# BEST HARD DRIVES????



## bernielonnie1958 (Jan 26, 2018)

We have investigated Hard Drives, with great information from TIVO FORUM MEMBERS. Those members guided me regarding RPM Recommendations, CMR Technology and some of the Hard Drives.
We are now narrowed to two choices:
1. WD RED PLUS 
2. WD PURZ 
The reasoning behind our question is this.
The TIVO FORUM, THE GURU WHO DEVELOPED MFSR, back in a 2015, "indicated that the WD PURZ may not be a good choice, but the WD RED maybe a better choice".
We were wondering if this holds true, today? I understand everything regarding Upgrading a TIVO ROAMIO Hard Drive is "Proceed with Caution, No Guarantee Implied".


----------



## tommage1 (Nov 6, 2008)

bernielonnie1958 said:


> We have investigated Hard Drives, with great information from TIVO FORUM MEMBERS. Those members guided me regarding RPM Recommendations, CMR Technology and some of the Hard Drives.
> We are now narrowed to two choices:
> 1. WD RED PLUS
> 2. WD PURZ
> ...


Depends on capacity drive you are getting. If 8-14TB. I'd go with the Purple. Even though the Red Plus is listed as 5400 RPM it's not really, check the spec sheet, a footnote shows that even though it will be detected as 5400 RPM the spindle speed is actually 7200RPM. So since it's NOT a designed from scratch 5400 might as well get the purple. Since it has AV firmware, Tivo is AV device. Red Plus is NAS firmware, designed for multiple drive use. If you are going 1-6 TB the Red Plus RPM listed speed SHOULD be correct. I still prefer purple myself, because of AV firmware and possible WD support, they'd probably be more helpful with an AV firmware drive being used in an AV device. There are two 6TB Purples now, the WD60PURZ lists as 5700RPM, the WD62PURZ does not list RPM but based on current naming conventions may be 7200RPM.


----------



## bernielonnie1958 (Jan 26, 2018)

tommage1 said:


> Depends on capacity drive you are getting. If 8-14TB. I'd go with the Purple. Even though the Red Plus is listed as 5400 RPM it's not really, check the spec sheet, a footnote shows that even though it will be detected as 5400 RPM the spindle speed is actually 7200RPM. So since it's NOT a designed from scratch 5400 might as well get the purple. Since it has AV firmware, Tivo is AV device. Red Plus is NAS firmware, designed for multiple drive use. If you are going 1-6 TB the Red Plus RPM listed speed SHOULD be correct. I still prefer purple myself, because of AV firmware and possible WD support, they'd probably be more helpful with an AV firmware drive being used in an AV device. There are two 6TB Purples now, the WD60PURZ lists as 5700RPM, the WD62PURZ does not list RPM but based on current naming conventions may be 7200RPM.

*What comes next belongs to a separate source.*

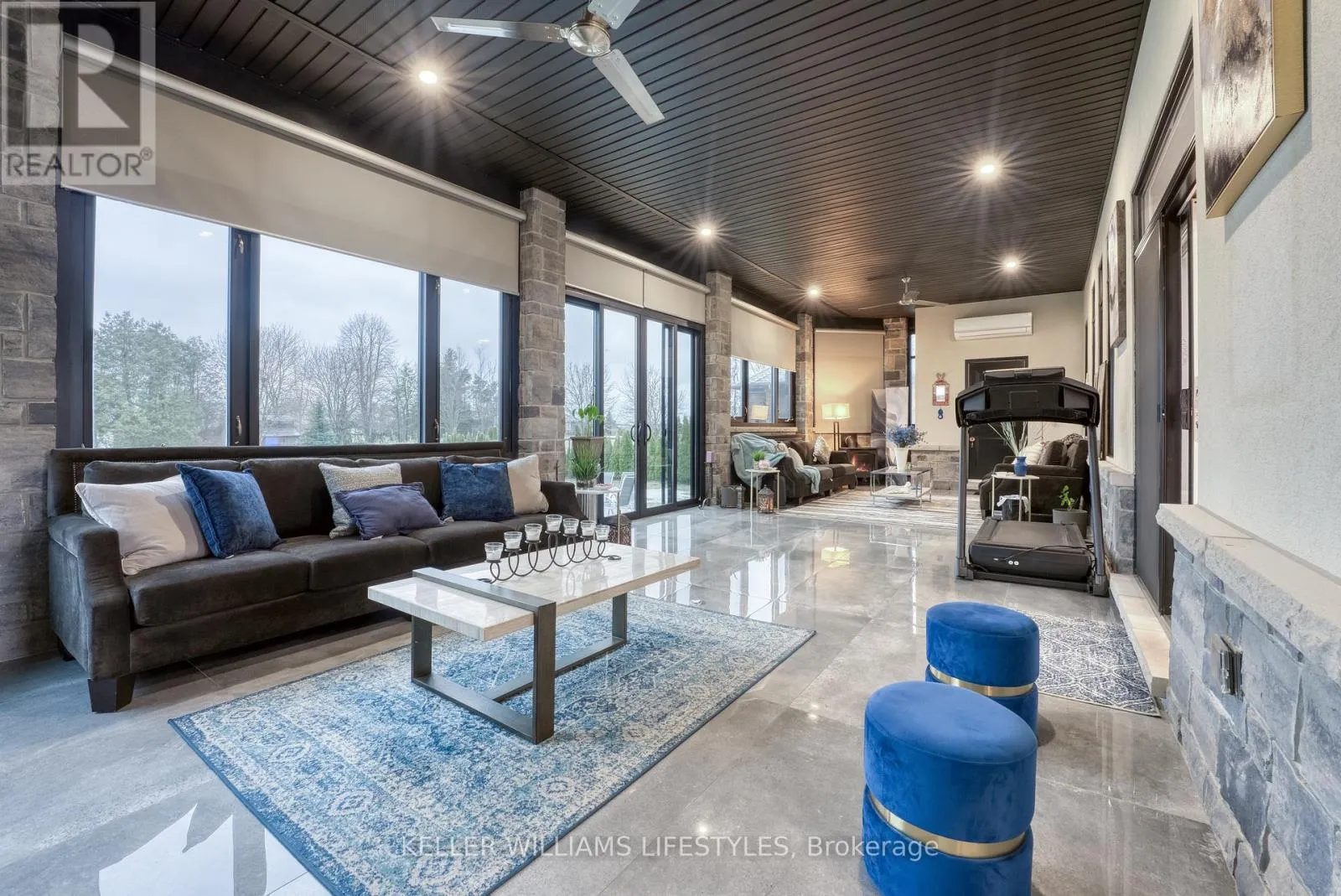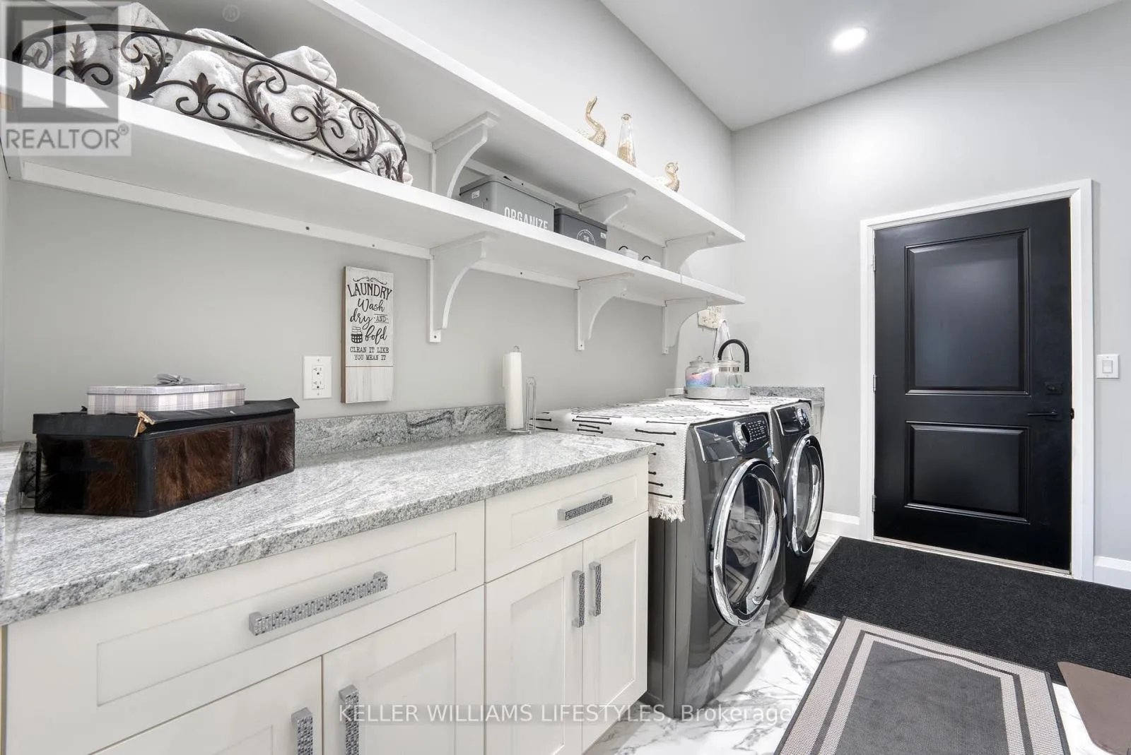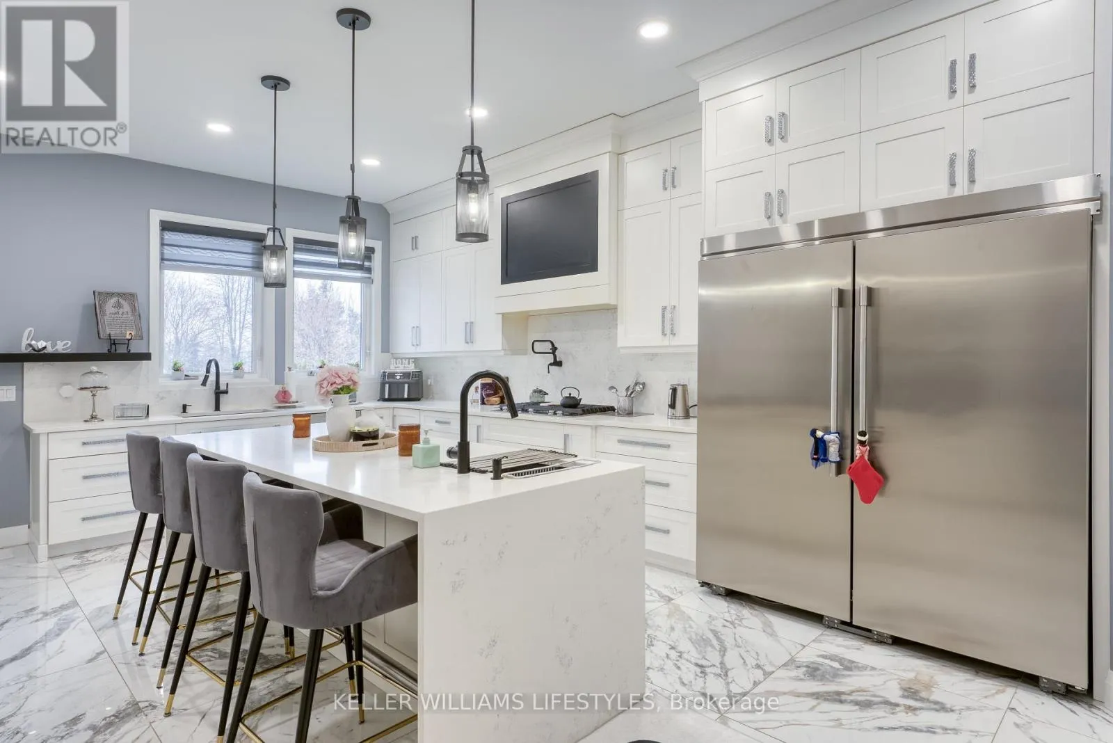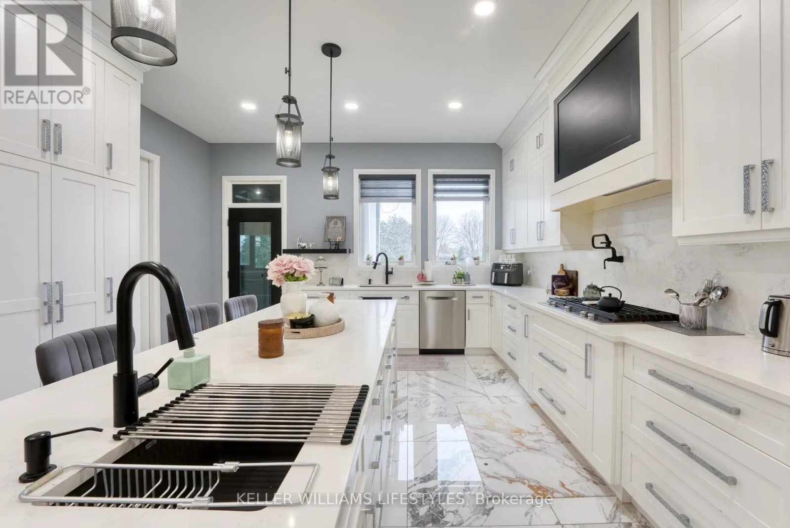 Mersea Rd 2 and Deer Run Welcome to a residence where elegance and architectural brilliance converge. Nestled in an exclusive, prestigious neighbourhood, this one-of-a-kind- estate redefines luxury living. Spanning 6000+ sq. ft. on 0.84 acres, this custom-built property exudes modern sophistication. Step inside to soaring 12' to 14' ceilings, expansive windows, and sleek architectural lines. A double-sided fireplace creates an inviting ambiance to the heart of the home. a GOURMET CHEF'S KITCHEN complements an executive dining room designed for unforgettable gatherings. This masterpiece boasts 6 large bedroom suites, 5 ENSUITE BATHS, 2 powder rooms, 5 WALK-IN closets, and a FLORIDA ROOM with AC, heat. The lavish primary suite offers unparalleled elegance with a dreamy walk-in closet and a spa like 4 pcs bath. Additional features include a lower level with separate IN-LAW SUITE entrance for extended family, a THEATRE ROOM, a roughed-in second kitchen, two double-door garages, and an antibacterial air system. The perfect forever home for your family, with so many more features and room to grow. (id:27476)

Thanks so much. With all of the Great Information from TIVO FORUM MEMBERS, I was considering the WD40PURZ and then implementing the DIY 10 ROAMIO. I asked if there was anything I needed to know about the PURZ from experience around 2015.
I am working on a LINUX PROGRAM to utilize the MFSR and MSF TOOLS for the DIY 10TB ROAMIO project.
Clear my head of DOS, from when I worked started with computers.
Knowing LINUX is Similar and yet TOTALLY DIFFERENT from DOS.
Thanks again.


----------



## bricco (Mar 28, 2008)

Just wanted to get a simple 1 TB hard drive for a Roamio Basic, other than WD10EURX. Do I have to get Red Plus, which I have in my Roamio Plus? Are there any other options? Which Seagate model should I look for? Thank you.


----------